This year’s US Open will be without many big names, as Roger Federer, Dominic Thiem and Rafael Nadal will all skip the festivities at Flushing Meadows, where the national championship is set to begin on Monday. However, I regret to inform you that there is another tennis legend who participates in the annual event, and that is Serena Williams.
The 23-time Grand Slam champion made the announcement on Instagram on Wednesday, citing her need to recover from a hamstring tear, per ESPN.
“After careful consideration and following the advice of my doctors and medical team, I decided to withdraw from the US Open to allow my body to fully heal from a hamstring tear,” a- she writes. “New York is one of the most exciting cities in the world and one of my favorite places to play. I will miss seeing the fans, but I will cheer everyone on from afar.
“Thank you for your continued support and love. I’ll see you soon. ”

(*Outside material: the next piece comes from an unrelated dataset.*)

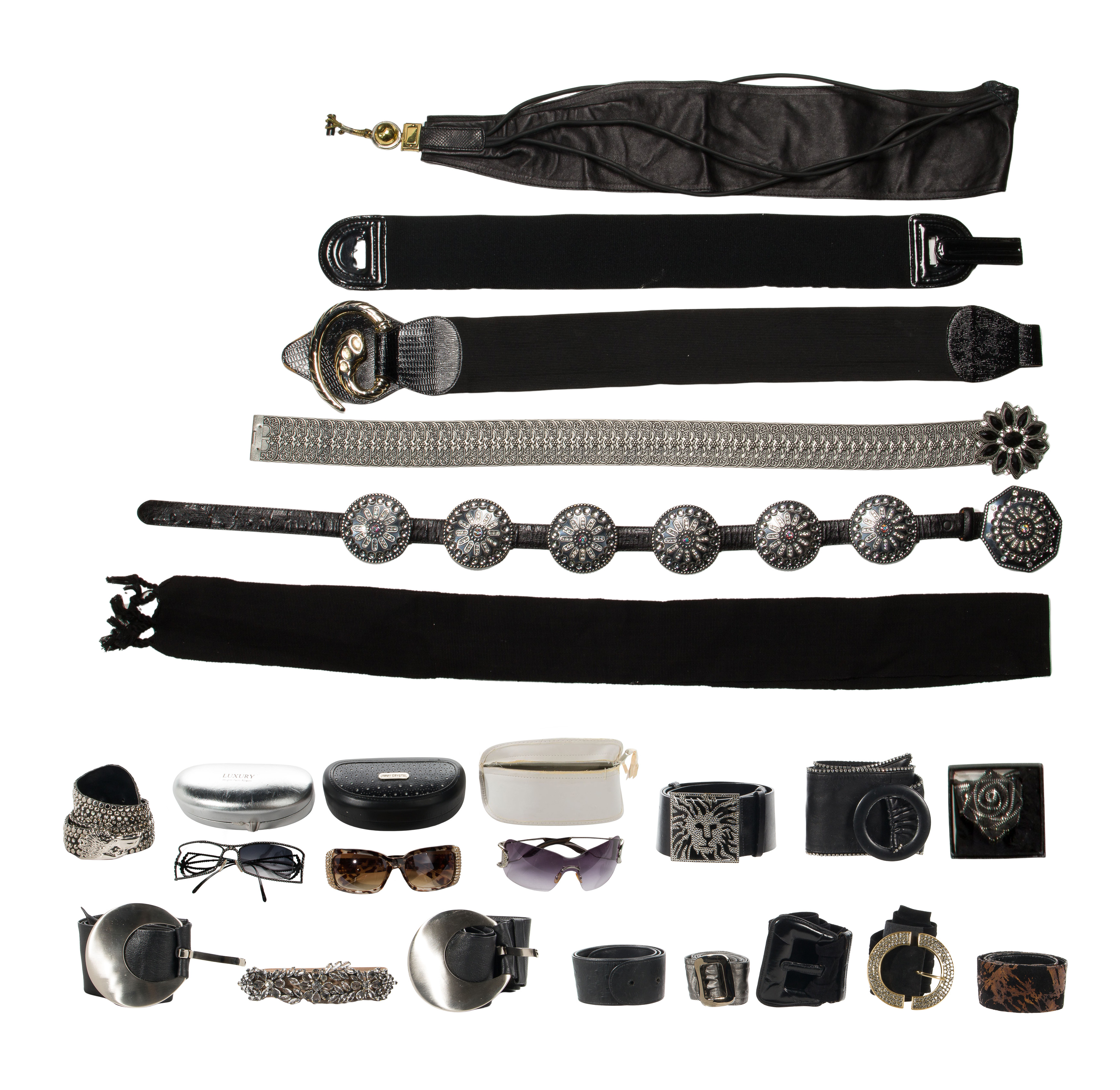 (19) total items including belts by Tony Lama, Kippy’s, Anne Klein, Maxazria, Ur-Kahn, Lallon and Abel, and sunglasses by Christian Dior, Jimmy Crystal, Paolo Albasini and some unmarked; together with a St. Johns bracelet having box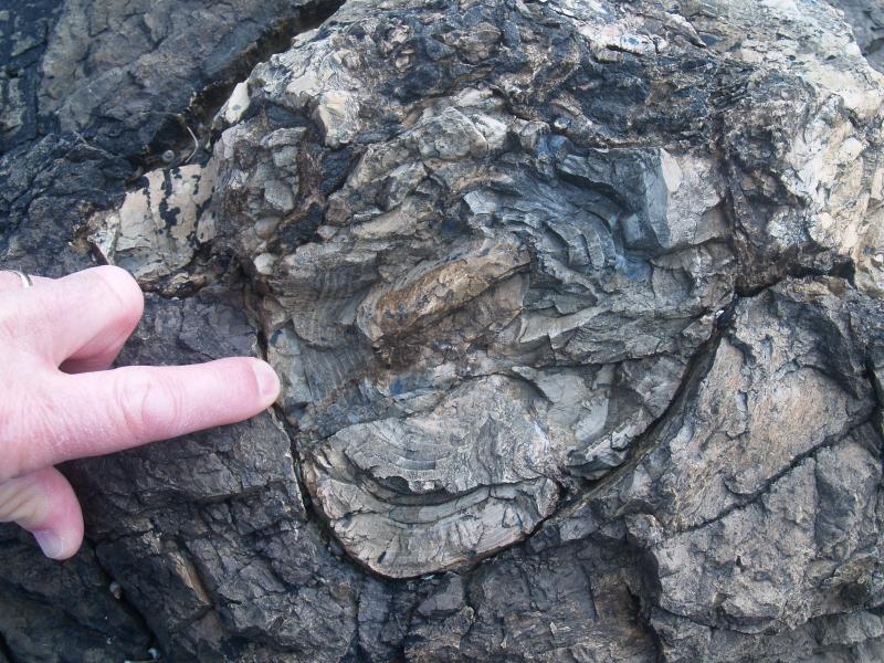 Curio Bay: Fossiel Bos, een van de weinige Jurassische fossiele bossen. Dit is een close up van een van de stronken; de jaarringen zijn goed zichtbaar.

Like New York Times writer Ben Rothenberg Noted, the US Open 20201 signals “the end of an era” as it will be the first Grand Slam event without Williams, Nadal or Federer in the singles main draw since the 1997 US Open.
Additionally, Williams, who turns 40 in September, has yet to compete since his exit in tears at Wimbledon in June. In the first set of her first round match against Aliaksandra Sasnovich, the four-time Olympic gold medalist suffered a horrific injury to her right leg.
“I was heartbroken having to retire today after injuring my right leg,” Williams wrote in an Instagram statement after refusing to speak to reporters after her loss. “My love and gratitude goes to the fans and the team who make being on center court so meaningful. To feel the overwhelming warmth and support of the crowd today as I stepped in and out of the court meant the world to me.
Serena’s withdrawal follows news that US Open competitors will now be offered access to licensed mental health providers and quiet rooms as part of a new initiative that has been put in place by the US Tennis Association.
According to Yahoo Sports, these efforts aim to “ensure that a comprehensive and holistic approach is taken to all aspects of player health, including mental health.”
“Our goal is to make mental health services as easily accessible to athletes as services for a sprained ankle – and free from stigma,” said Dr. Brian Hainline, USTA Senior Vice President. “We will provide an environment that promotes well-being while providing the resources necessary to easily enable seeking mental health care.”
Naomi Osaka’s decision to withdraw from Roland-Garros in May citing mental health issues likely played a clear role in USTA’s decision to prioritize the emotional and psychological well-being of its competitors, and while this is a step in the right direction, it is unfortunate that Williams may not be able to take advantage of these services or participate in what could very well be one of his last events.